A high was definitely the night in the jacuzzi suite,
the movie, the Alizé, the Jägerbombs, the swimming, the tepanyaki dinner, the jacuzzi~




But there really isn't too much to do in Frankfort
- yet I did not want to leave at all.

I didn't think I could love Jon any more than I already did,
but I stumbled and fell head over heels - way deeper than before.
I have this weird urge to devour him all the time now,
yum~
Not my fault he tastes great when I bite.
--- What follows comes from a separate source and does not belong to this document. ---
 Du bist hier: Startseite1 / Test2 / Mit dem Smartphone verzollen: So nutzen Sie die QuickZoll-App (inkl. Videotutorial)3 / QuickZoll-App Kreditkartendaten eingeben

It has been almost 3 weeks now,
and so far things are really really really really great.
He has kept his word,
he is around,
he is sweet,
he gets up for the most part,
he hits his little stinky pipe.
I still don't like it much, but I am dealing with it my way.
And I have to admit, it is not that bad.
I also won't lie and say every single day has been great,
it ain't really his fault though,
I get antsy and agitated when he isn't around.
And I am over-sensitive to him being rough sometimes.
But I can deal with that, too.
When I'm busy being dizzy - I don't mind the crap so much.
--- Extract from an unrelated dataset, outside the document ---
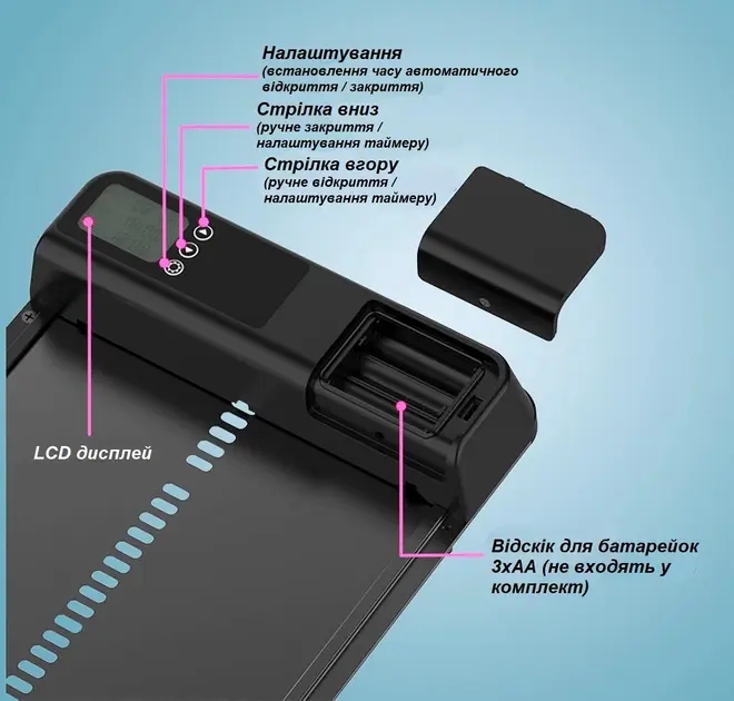 Надійна заслонка з металевим механізмом забезпечує захист від хижаків (лисиць, єнотів, тхорів), а також зберігає тепло всередині курника. Працює автономно на батарейках або від USB-джерела живлення.

I hope things not turn bad again,
I am scared shitless,
but every day, he takes a little bit of fear away.
Proving that he means it this time.
Jon is great!

I think about the future often now.
I kept believing that he would come live with me in Germany,
we'd both take over my parents' business that they are starting to build.
The construction actually starts this month.
My parents keep telling me how excited they are,
how happy they are that they have me,
how much sweat and blood and money they are putting into the new company,
just so that I have a good future ahead of me...
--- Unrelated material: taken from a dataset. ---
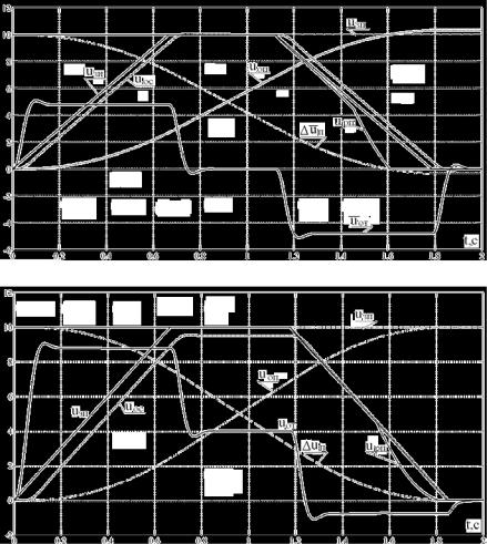 На рис.8.9 представлены переходные процессы позиционной СУЭП при отработке средних перемещений uзп = 3В на холостом ходу (рис.8.9,а) и под нагрузкой (рис.8.9,б).

No, he doesn't want to come live here anymore.
And honestly?
I do not want to take over the company without him.
It would mean a life without Jon, I would be bound.

Lately I have been thinking about dropping out of school and going there.
Living there in Frankfort,
where everybody knows and has slept with everybody.
I could, what?
Work at Walmart, Taco Bell or something, right?
Just get a decent income, which might or might not pay for rent and food,
but none of that would matter too much, right?
As long as we are together~
Oh right, the problem of residency permit.
I couldn't get into college there, my parents wouldn't support me.

I feel so bad,
I don't want to hurt them,
but all my life I have been doing what they want me to do.
Good grades at school,
great university for energy engineering,
awesome university for MBA,
saying yes to staying with them at the company.
It is what they want.
I didn't mind too much, because I never knew what I wanted myself.
My whole life I have been doing things for them, never for me.
I studied hard to get straight A's,
so my mom wouldn't cry and yell when she saw an A-

I was never allowed to have a boyfriend,
and they were strict about it,
I wasn't exactly obedient in that aspect,
probably the only one.

I usually get along with them fine.
But I can never talk to my mom about anything that really bugs me.
I tried so many times over the years.
But she freaks out every single time.
I can't tell her anything that's important.

She got so angry when I had to talk to Jon while we were in Portugal.
First she yelled at me and then she wouldn't talk to me for a whole day.
When I am at home, I always feel like I have to hide that I am talking to him,
the moment she sees that I'm on the phone she tells me to hang up.
And when I clutch my cell and text with him because he just got up,
she will keep asking me what I'm doing or tell me to put the phone away.
When I am all happy about the trip to see him,
she tells me she never wants me to go back again.

It makes it so hard for me.
I love my parents,
but when they act like that, it repels me.
The more she tries to keep me away from him,
the more I want to be with him.

Don't get me wrong,
she loves him,
thinks he is a great kid,
but she doesn't believe he can give me the future that she wants for me.
She thinks this will end badly,
because he probably won't come to Germany,
and there is no way she'd let me go to be with him.
I never talked to her about the future, this is stuff she came up with herself.
I guess she ain't that far off.

But everybody turns on their parents and decide for their partner at some point, right?

Jon and me are both happy right now,
and I hope it never changes,
but I'm scared and confused about the future,
I also don't want to ruin his life by being with me.